= WHAT THIS TASK INVOLVES =
Although the records include pictures, the copy should not; write out exactly the lines from the first through the line with "Высота ножек 60,5".

= INPUT =
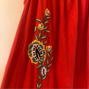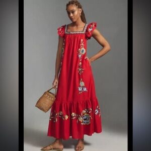 Farm Rio x Anthropologie embroidered maxi dress. Designed with a flattering square neckline, charming flutter sleeves, and vibrant floral embroidery, this eye-catching red dress brings effortless bohemian elegance to any occasion. Made from a breathable linen-viscose blend, it features easy pullover styling and a relaxed silhouette with tiered detailing for added flow. Perfect for vacation, summer events, or brunch with friends.
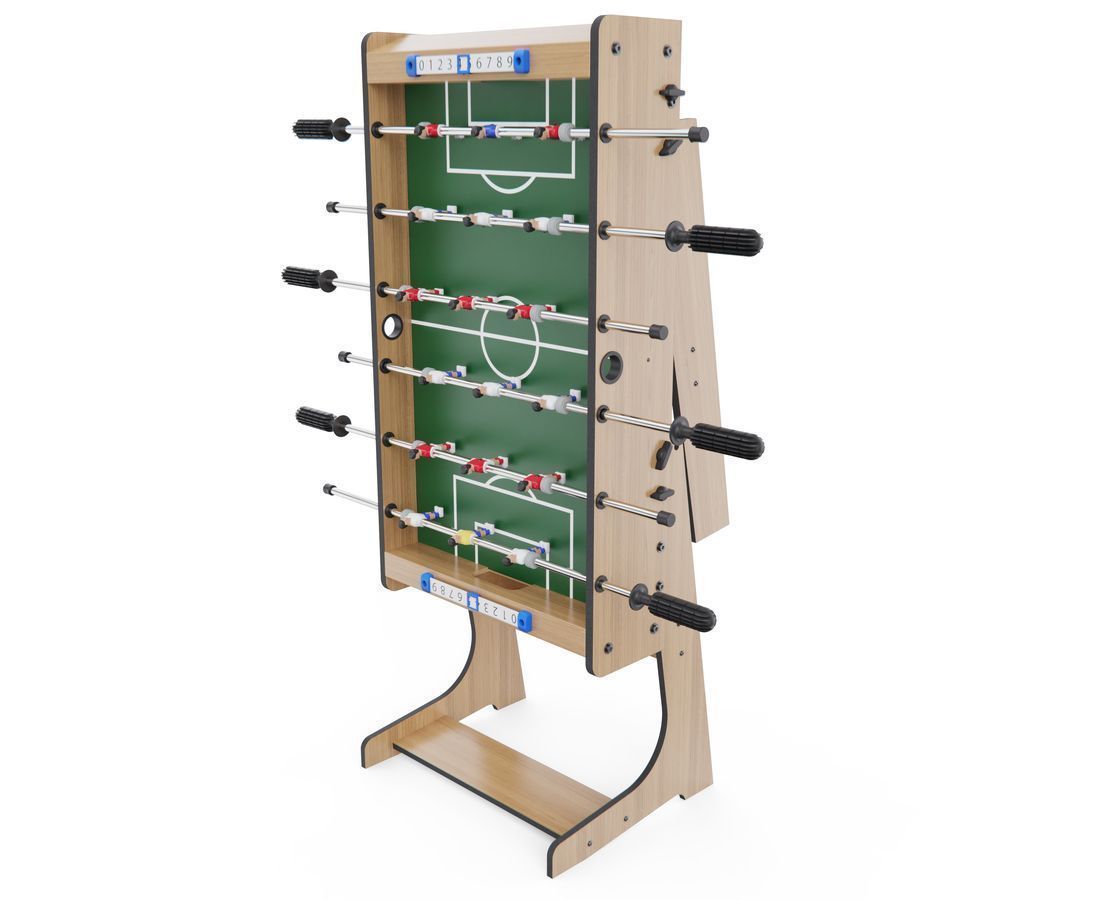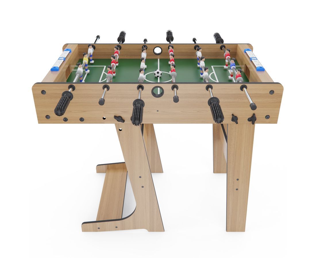 Высота ножек 60,5 см обеспечивает удобное расположение стола в помещении. Складная модель позволяет быстро сложить кикер после игры и убрать его на хранение, что особенно удобно для домашнего формата. В комплект входят 2 футбольных мяча, поэтому можно начинать игру сразу после сборки.
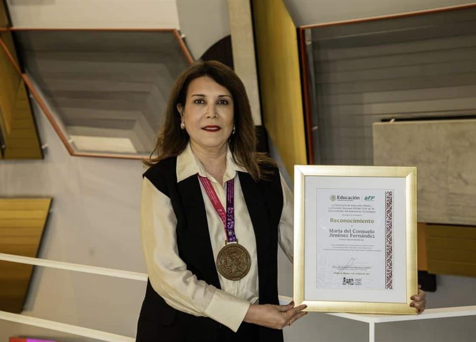 La profesora Consuelo Jiménez Fernández recibió la Presea Nacional al Mérito de las Universitarias STEM, otorgada por la Secretaría de Educación Pública.
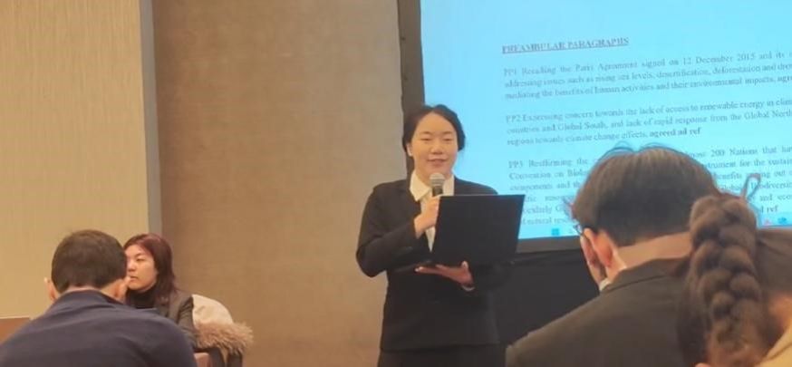 本阶段来自不同地区的代表就初步草案展开跨地区磋商,交流各自的立场和修改建议。在“地球三重危机”议题的磋商中,东峻屺担任非洲地区的成员首席代表,负责协调该地区的意见,并与其他地区代表进行协商,确保草案能够充分体现非洲地区的利益。各地区代表逐条审阅草案,提出修改意见并进行讨论,最终达成共识。
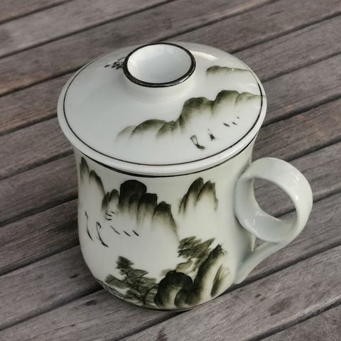Nydelig vintage kopp fra Tiongtsin China, med delikat blåblomst-mønster og klassisk form. Perfekt for deg som samler på porselen eller ønsker en unik kopp til kaffestunden.
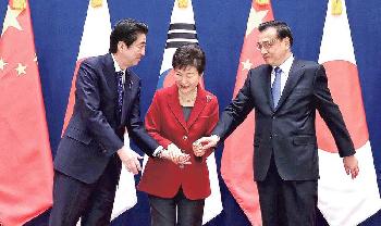 (中國)第6次中日韓領導人峰會在時隔3年半之後,昨於韓國首爾舉行;國務院總理李克強、日本首相安倍晉三和韓國總統朴槿惠會後發表《東北亞和平與合作聯合宣言》,並一同見記者。李克強指“和平是人間正道”,三方同意“正視歷史”處理敏感問題,及明年在日本舉辦峰會。而在會後李克強又與安倍單獨會談,同意恢復高層經濟對話和外長互訪。
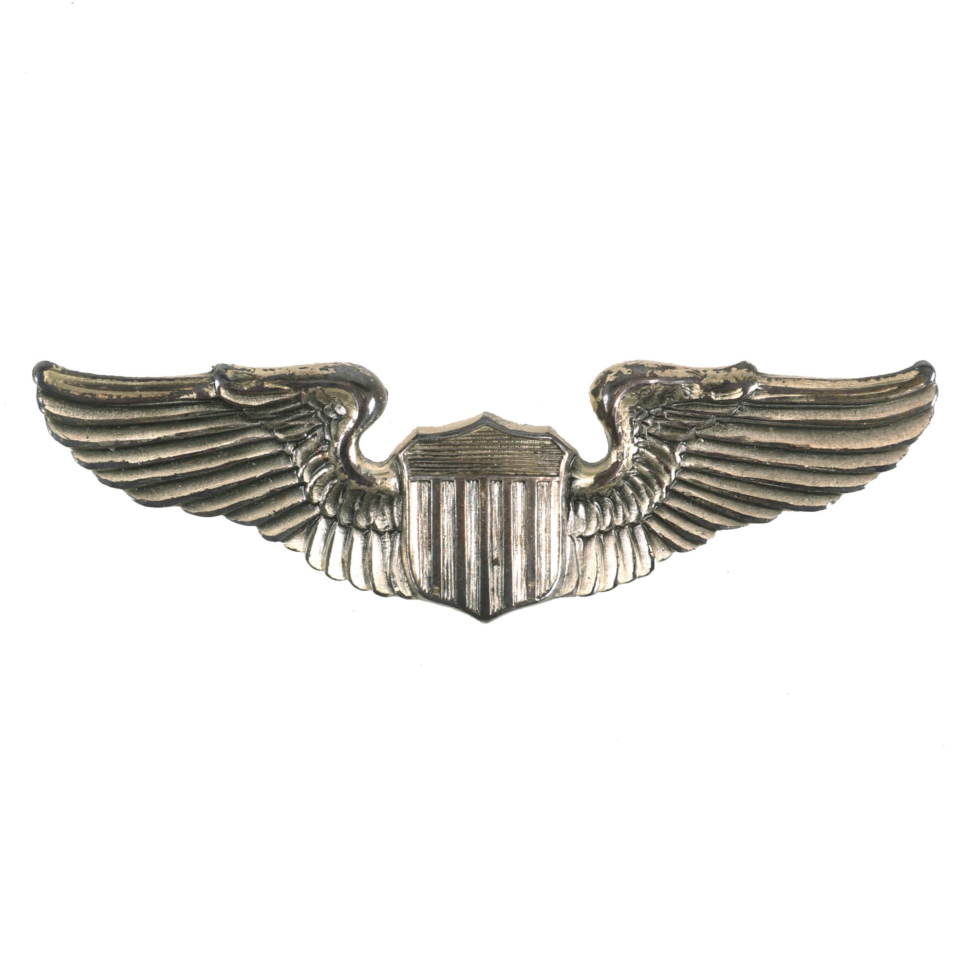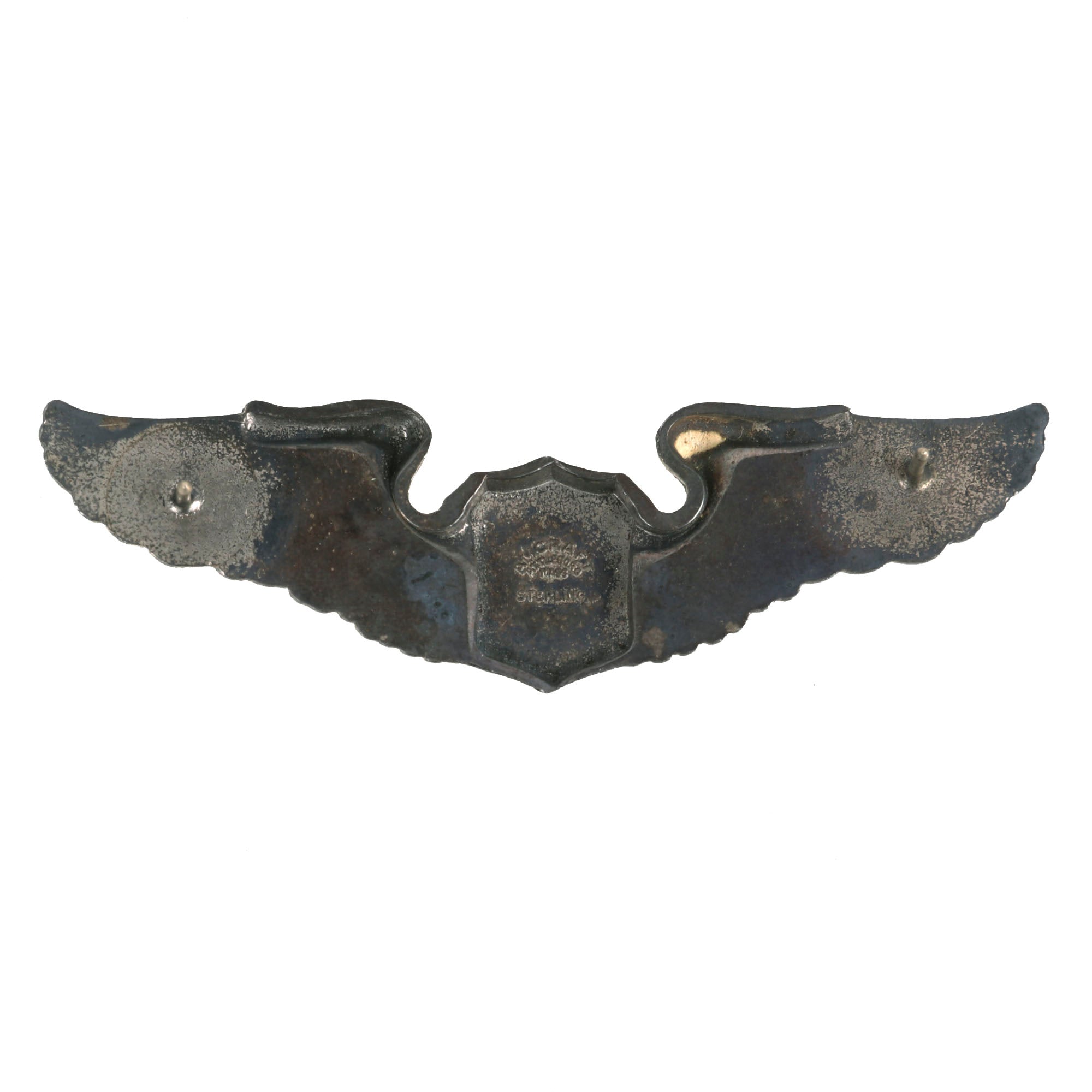The collection consists of several items that are of great interest to military history enthusiasts and collectors. Included in the set is a Flighter brand crusher cap, which has been well-worn and appears to have seen a lot of action. There are also a pair of Sterling Pilot Wings, which appear to be in excellent condition, and a worn, stained Blood Chit as well as (2) shoulder sleeve insignia.

= RESULT =
 Farm Rio x Anthropologie embroidered maxi dress. Designed with a flattering square neckline, charming flutter sleeves, and vibrant floral embroidery, this eye-catching red dress brings effortless bohemian elegance to any occasion. Made from a breathable linen-viscose blend, it features easy pullover styling and a relaxed silhouette with tiered detailing for added flow. Perfect for vacation, summer events, or brunch with friends.
 Высота ножек 60,5 см обеспечивает удобное расположение стола в помещении. Складная модель позволяет быстро сложить кикер после игры и убрать его на хранение, что особенно удобно для домашнего формата. В комплект входят 2 футбольных мяча, поэтому можно начинать игру сразу после сборки.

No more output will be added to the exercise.